Imagine not that 1.75 million children are trafficked but rather your own child. Look at them; consider all the hopes you have for them. Consider their aspirations. Now consider those hopes and aspirations pawned in place for a life of coercion, forced sex, a loss of control and dignity. You child is a sex slave. Doesn’t that hurt? Without a doubt, we need a more far-reaching understanding of child sex trafficking.

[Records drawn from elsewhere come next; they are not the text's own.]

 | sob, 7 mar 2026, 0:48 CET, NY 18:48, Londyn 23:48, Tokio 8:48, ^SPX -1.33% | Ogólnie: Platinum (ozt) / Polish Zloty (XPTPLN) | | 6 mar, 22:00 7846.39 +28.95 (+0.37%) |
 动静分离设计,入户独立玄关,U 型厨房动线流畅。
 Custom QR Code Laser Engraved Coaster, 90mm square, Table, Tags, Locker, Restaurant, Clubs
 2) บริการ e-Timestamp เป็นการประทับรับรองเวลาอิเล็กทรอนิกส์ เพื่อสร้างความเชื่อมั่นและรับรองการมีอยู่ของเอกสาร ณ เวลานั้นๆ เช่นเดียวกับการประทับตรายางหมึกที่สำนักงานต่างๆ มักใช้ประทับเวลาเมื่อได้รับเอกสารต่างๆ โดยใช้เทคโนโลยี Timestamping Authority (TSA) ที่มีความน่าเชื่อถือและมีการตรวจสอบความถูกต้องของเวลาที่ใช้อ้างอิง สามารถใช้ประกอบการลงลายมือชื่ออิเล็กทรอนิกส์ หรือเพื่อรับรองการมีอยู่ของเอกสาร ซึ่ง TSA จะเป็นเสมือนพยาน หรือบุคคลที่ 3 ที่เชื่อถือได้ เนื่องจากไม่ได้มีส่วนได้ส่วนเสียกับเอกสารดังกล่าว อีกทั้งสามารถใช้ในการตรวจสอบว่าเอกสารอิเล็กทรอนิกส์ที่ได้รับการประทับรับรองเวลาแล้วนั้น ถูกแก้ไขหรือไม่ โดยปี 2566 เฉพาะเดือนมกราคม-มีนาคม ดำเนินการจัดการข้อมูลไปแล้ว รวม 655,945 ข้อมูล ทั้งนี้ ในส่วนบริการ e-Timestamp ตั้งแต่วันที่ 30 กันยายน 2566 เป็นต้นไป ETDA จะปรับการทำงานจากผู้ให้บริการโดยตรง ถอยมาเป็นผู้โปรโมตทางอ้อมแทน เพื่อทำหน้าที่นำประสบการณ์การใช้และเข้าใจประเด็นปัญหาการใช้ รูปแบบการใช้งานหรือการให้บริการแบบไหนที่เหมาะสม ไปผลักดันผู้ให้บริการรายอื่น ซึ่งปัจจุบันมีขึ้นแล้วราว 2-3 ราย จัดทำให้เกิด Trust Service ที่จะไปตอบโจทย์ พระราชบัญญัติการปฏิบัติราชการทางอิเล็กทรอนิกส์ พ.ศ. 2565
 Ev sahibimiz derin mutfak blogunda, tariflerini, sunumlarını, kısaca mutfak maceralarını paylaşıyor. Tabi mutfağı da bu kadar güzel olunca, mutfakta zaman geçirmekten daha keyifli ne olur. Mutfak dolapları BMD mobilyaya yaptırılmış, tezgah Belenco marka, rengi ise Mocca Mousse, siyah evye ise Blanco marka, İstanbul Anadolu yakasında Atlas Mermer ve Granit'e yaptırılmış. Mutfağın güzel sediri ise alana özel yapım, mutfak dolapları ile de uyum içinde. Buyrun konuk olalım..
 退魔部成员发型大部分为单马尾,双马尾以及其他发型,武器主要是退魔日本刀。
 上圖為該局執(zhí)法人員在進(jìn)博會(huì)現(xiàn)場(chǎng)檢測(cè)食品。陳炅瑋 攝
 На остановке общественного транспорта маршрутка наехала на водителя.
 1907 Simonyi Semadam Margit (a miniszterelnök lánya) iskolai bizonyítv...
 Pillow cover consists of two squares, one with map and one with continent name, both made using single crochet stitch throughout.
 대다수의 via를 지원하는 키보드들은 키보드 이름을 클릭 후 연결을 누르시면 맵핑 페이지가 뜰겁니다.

However, regardless of how we aspire to promote education and raise the social status of young women, our efforts are as vulnerable as these girls if not accompanied by the sharp teeth of stronger legislation. In 2000, the U.S. Congress passed a key piece of legislation, The Victims of Trafficking and Violence Protection Act, which allows the U.S. to issue an annual report ranking country’s by “tiers” depending on the efforts they have made to help end sex trafficking in their country’s as well as provide aid to victims. The legislation works to humiliate foreign governments sufficiently enough to make them change their attitude towards the problem. While it has gotten many governments to draw up “rescue plans” which include both saving a victim and then providing her with education, housing and counseling for as long as she needs, some countries still remain as illusive on the subject as the industry itself. For example, South Africa is not able to provide aid to children who have been sexually trafficked because the country has yet to define what constitutes as child sex trafficking. We live in societies that create a demand for particularly young girls, to be used as objects of sexual gratification, as well as ones that create a supply of vulnerable young women who can vanish without a trace. And While the United States has made commendable progress, let it be known that the U.S. will spend $32 million more yearly on ending the drug trafficking industry than that of child sex trafficking.

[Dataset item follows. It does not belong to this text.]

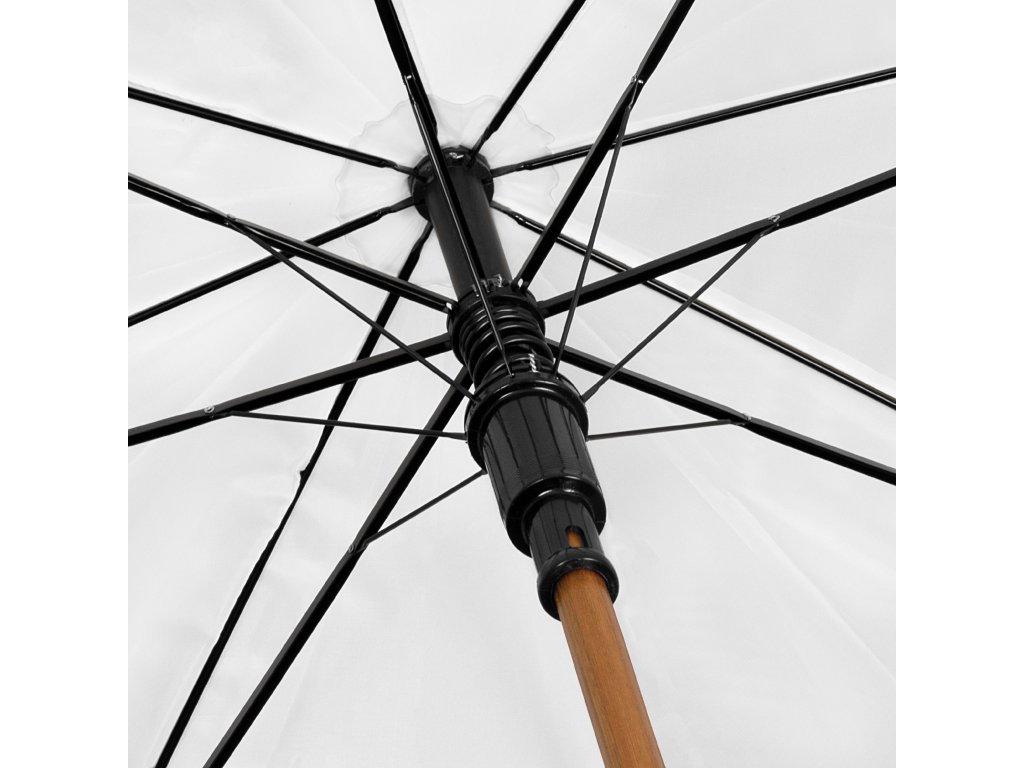 Dřevěná hůl, rukojeť, špička a koncovky drátů dávají tomuto deštníku nestárnoucí eleganci.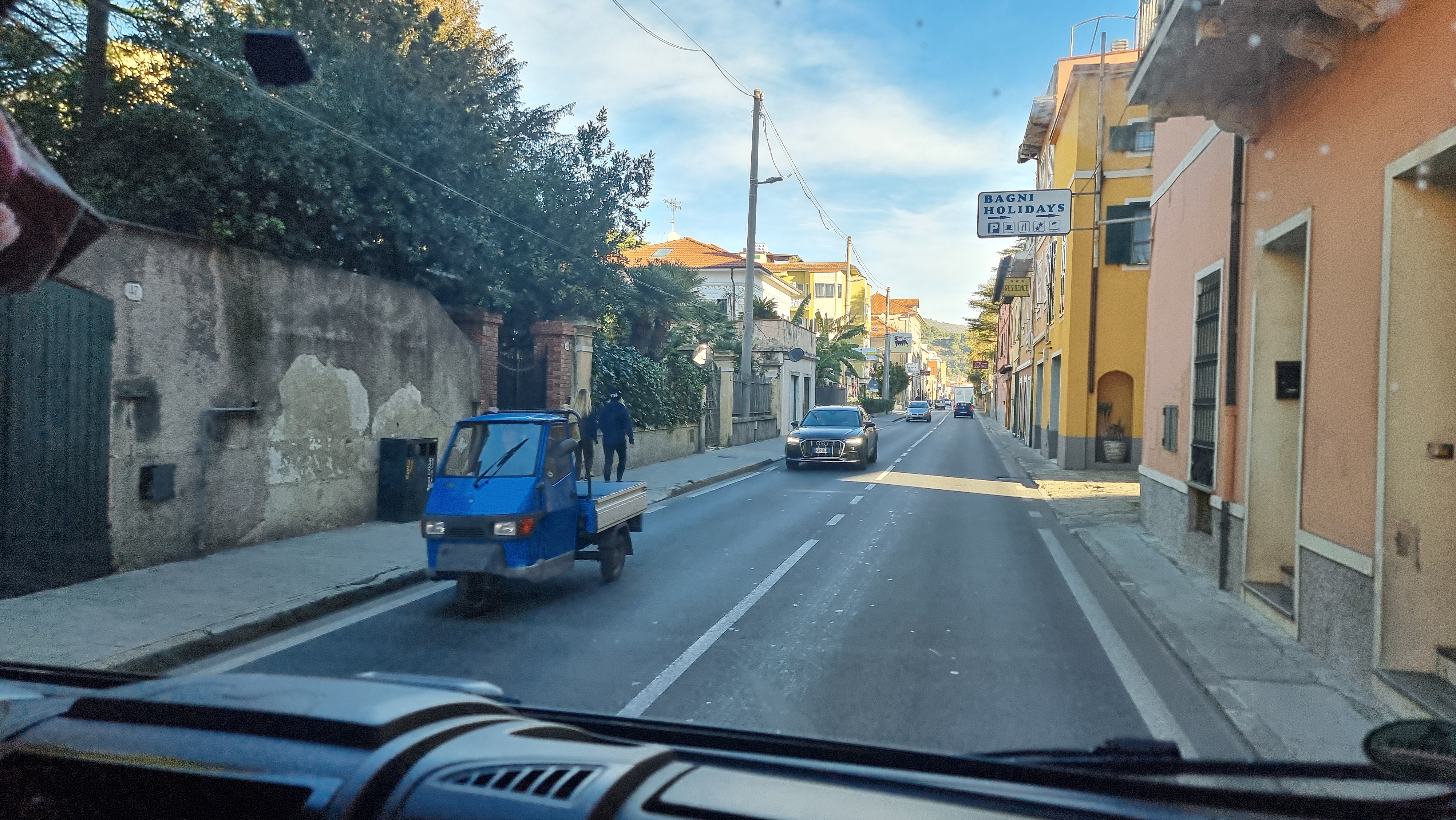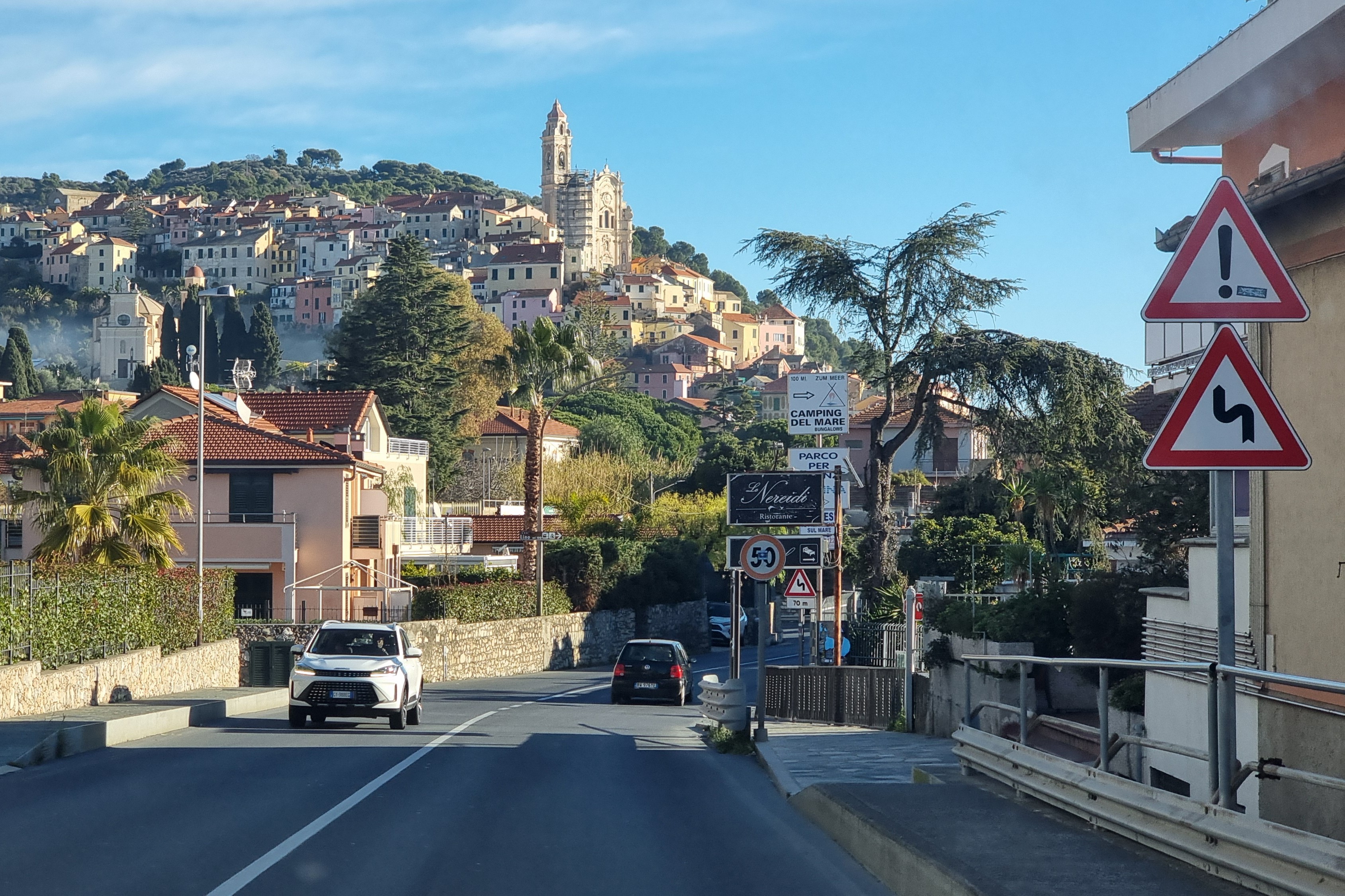Die Umarmungen sind herzlich und kurze Zeit später biegt unser Womo auf die SS1 – die Aurelia- ein. Entlang der Küstenstraße bummeln wir uns, immer mit neuen Ausblicken auf das Meer, nach Albenga zum Stellplatz Ca de Miche. Im Jahr 2014 waren wir hier zum letzten Mal und irgendwie ist alles so, wie es damals war. Nette Betreiber und ein sonniges Rasenplätzchen. Schnell haben wir geparkt und dann geht es in die Stadt, die einst auf Abwegen unterwegs war oder besser gesagt: das Bistum machte über sich reden….den Artikel aus dem Spiegel findet ihr hierhttps://www.spiegel.de/panorama/bistum-albenga-imperia-in-italien-pfarrer-auf-abwegen-a-999027.html

Essentially, child sex trafficking is a rusted gate; its lock corroded shut by rust of unawareness and layers of corroded indifference. Each blind eye allows enough time for another girl to be snatched between the rusted rails. Every belittlement of the plight is another incorruptible layer of grime, allowing the activity behind the blackened gates to blister. Alas, while new laws and strengthened legislation can temporarily break the lock, opening the gate long enough to rescue victims, until the gate is fully unhinged by global awareness, it will inevitably shut again under the force of ignorance.

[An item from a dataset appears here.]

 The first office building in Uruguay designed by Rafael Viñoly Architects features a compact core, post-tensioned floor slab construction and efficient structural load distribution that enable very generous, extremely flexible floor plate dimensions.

In the metro-Atlanta area, an endless current of cars passes oblivious to the growing problem. In fact, a few of those cars might be transporting newly captured young girls to be used by grown men until their shelf life expires. But there is still time to put up a red-light, stop the traffic and rescue the girls from those cars and for those who have not yet been pulled into the merciless trade, we can still protect them. Re-abolishing slavery of trafficked children will be attained through expansive educational programs that bring awareness to the industry as well as help reform the status with which girls are identified, as well as encourage foreign governments to promote greater efforts, holding accountable those that are unwilling to comply. With these three things on our agenda, the end of a sordid enterprise will be closer than ever and the monster, finally obliterated.


The author's comments:
I have shown this essay to many people and unfortunately, I received many responses saying the same thing; this piece is too controversial.
Sex trafficking is many things, but it is not controversial. By definition, controversy is a subject which can be debated and I do not believe there is anything to be debated; sex trafficking is and will always be wrong. It is problem that can't be ignored and I hope that by writing this piece I am able to bring about the awareness we need to help put an end to such an awful industry.